KMSEncryptionKey：如果使用查询源从 BigQuery 读取数据，请使用此 Cloud KMS 密钥加密创建的任何临时表。例如 projects/your-project/locations/global/keyRings/your-keyring/cryptoKeys/your-key。
elasticsearchUsername：用于进行身份验证的 Elasticsearch 用户名。如果指定，则系统会忽略 apiKey 的值。
elasticsearchPassword：用于进行身份验证的 Elasticsearch 密码。如果指定，则系统会忽略 apiKey 的值。
batchSize：按文档数量的批次大小。默认值为 1000。
batchSizeBytes：批次大小（以字节数为单位）。默认值为 5242880 (5mb)。
maxRetryAttempts：重试次数上限。必须大于零。默认值为 no retries。
maxRetryDuration：重试时长上限（以毫秒为单位）。必须大于零。默认值为 no retries。
propertyAsIndex：要编入索引的文档中的一个属性，其值指定批量请求要包含在文档中的 _index 元数据。优先于 _index UDF。默认值为 none。
javaScriptIndexFnGcsPath：函数的 JavaScript UDF 来源的 Cloud Storage 路径，该函数指定批量请求要包含在文档中的 _index 元数据。默认值为 none。
javaScriptIndexFnName：UDF JavaScript 函数的名称，该函数指定要将 _index 元数据包含在批量请求的文档中。默认值为 none。
propertyAsId：要编入索引的文档中的一个属性，其值指定批量请求要包含在文档中的 _id 元数据。优先于 _id UDF。默认值为 none。
javaScriptIdFnGcsPath：函数的 JavaScript UDF 来源的 Cloud Storage 路径，该函数指定批量请求要包含在文档中的 _id 元数据。默认值为 none。
javaScriptIdFnName：UDF JavaScript 函数的名称，该函数指定批量请求要包含在文档中的 _id 元数据。默认值为 none。

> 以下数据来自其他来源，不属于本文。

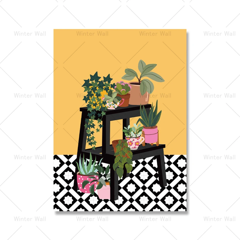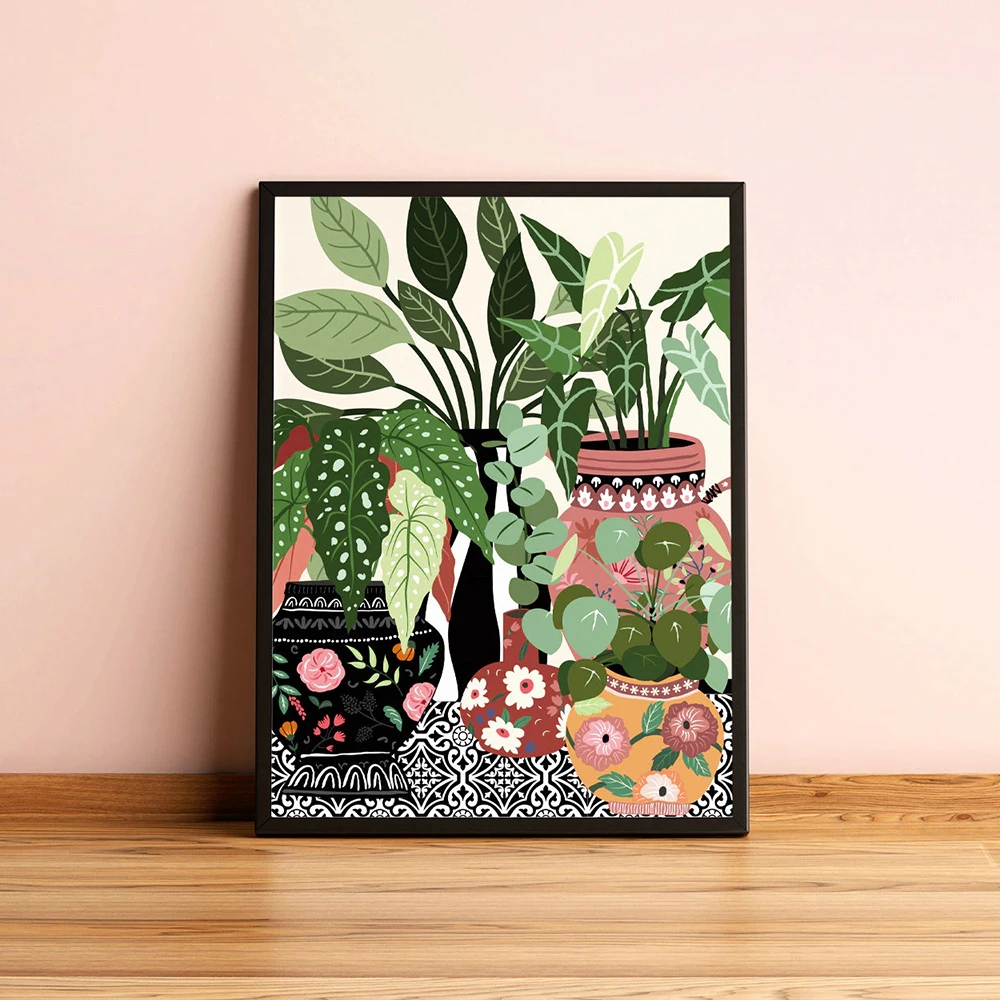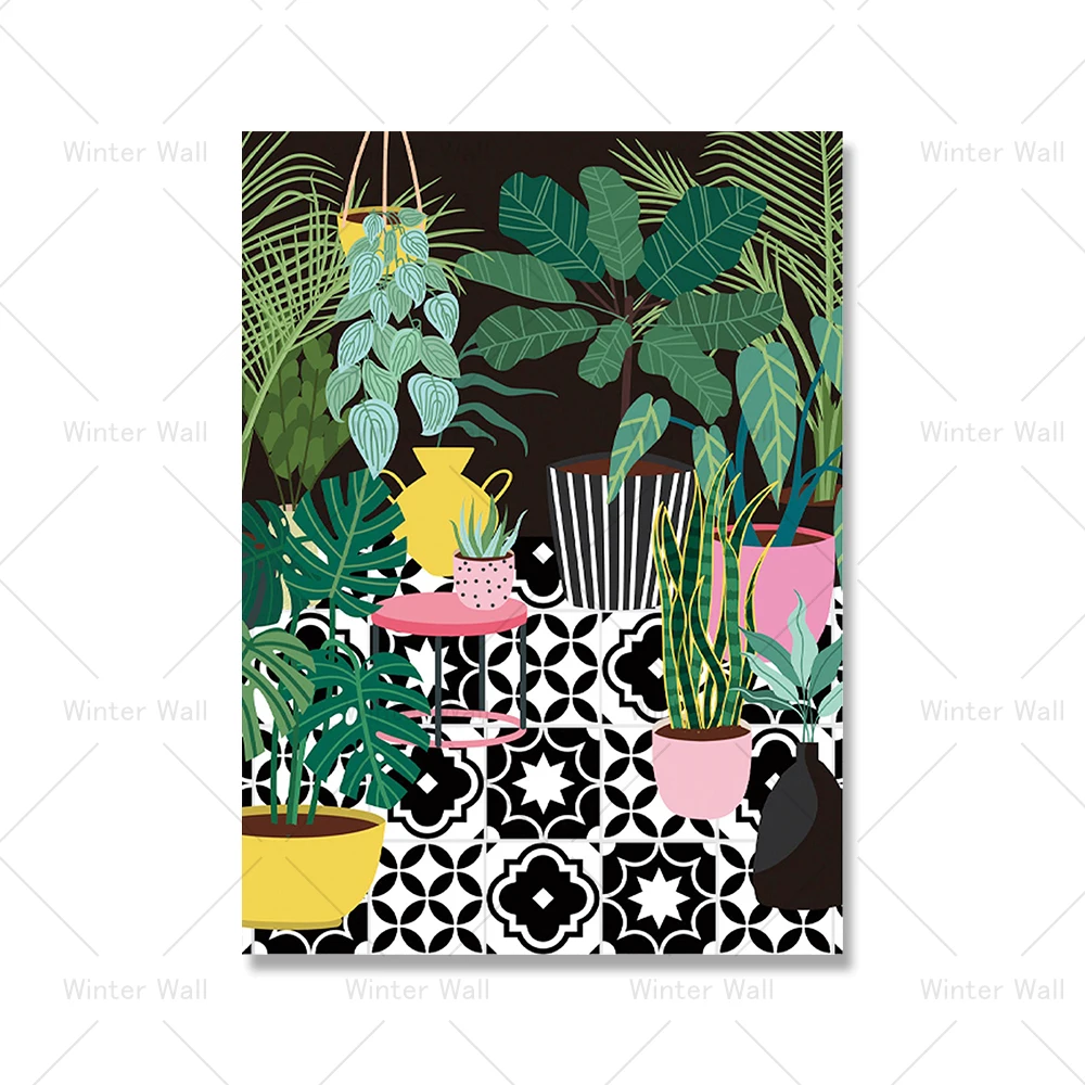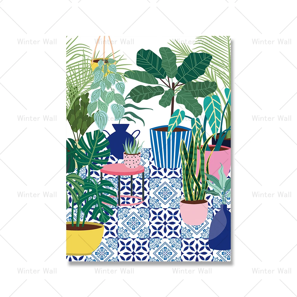 Греческая плитка, ботанические дома, растения, искусство, скандинавский плакат, домашний декор, бохо, зеленые листья, Декор, картина, современное настенное искусство, холст, живопись

javaScriptTypeFnGcsPath：函数的 JavaScript UDF 来源的 Cloud Storage 路径，该函数指定要将 _type 元数据包含在批量请求的文档中。默认值为 none。
javaScriptTypeFnName：UDF JavaScript 函数的名称，该函数指定批量请求要包含在文档中的 _type 元数据。默认值为 none。
javaScriptIsDeleteFnGcsPath：函数的 JavaScript UDF 来源的 Cloud Storage 路径，该函数确定是否应删除文档，而不是插入或更新文档。该函数会返回字符串值 true 或 false。默认值为 none。
javaScriptIsDeleteFnName：UDF JavaScript 函数的名称，该函数确定是否应删除文档，而不是插入或更新文档。该函数会返回字符串值 true 或 false。默认值为 none。
usePartialUpdate：是否在 Elasticsearch 请求中使用部分更新（更新而不是创建或编入索引，允许部分文档）。默认值为 false。
bulkInsertMethod：在 Elasticsearch 批量请求中使用 INDEX（编入索引，允许 upsert）还是 CREATE（创建，会对重复 _id 报错）。默认值为 CREATE。
trustSelfSignedCerts：是否信任自签名证书。已安装的 Elasticsearch 实例可能具有自签名证书，将此参数设置为 true 可绕过对 SSL 证书的验证。（默认值为：false。）
disableCertificateValidation：如果为 true，则信任自签名 SSL 证书。Elasticsearch 实例可能具有自签名证书。如需绕过证书的验证，请将此参数设置为 true。默认值为 false。
apiKeyKMSEncryptionKey：用于解密 API 密钥的 Cloud KMS 密钥。如果 apiKeySource 设置为 KMS，则此参数是必需的。如果提供了此参数，请传入加密的 apiKey 字符串。使用 KMS API 加密端点对参数进行加密。对于密钥，请使用 projects/<PROJECT_ID>/locations/<KEY_REGION>/keyRings/<KEY_RING>/cryptoKeys/<KMS_KEY_NAME> 格式。请参阅：https://cloud.google.com/kms/docs/reference/rest/v1/projects.locations.keyRings.cryptoKeys/encrypt。例如，projects/your-project-id/locations/global/keyRings/your-keyring/cryptoKeys/your-key-name。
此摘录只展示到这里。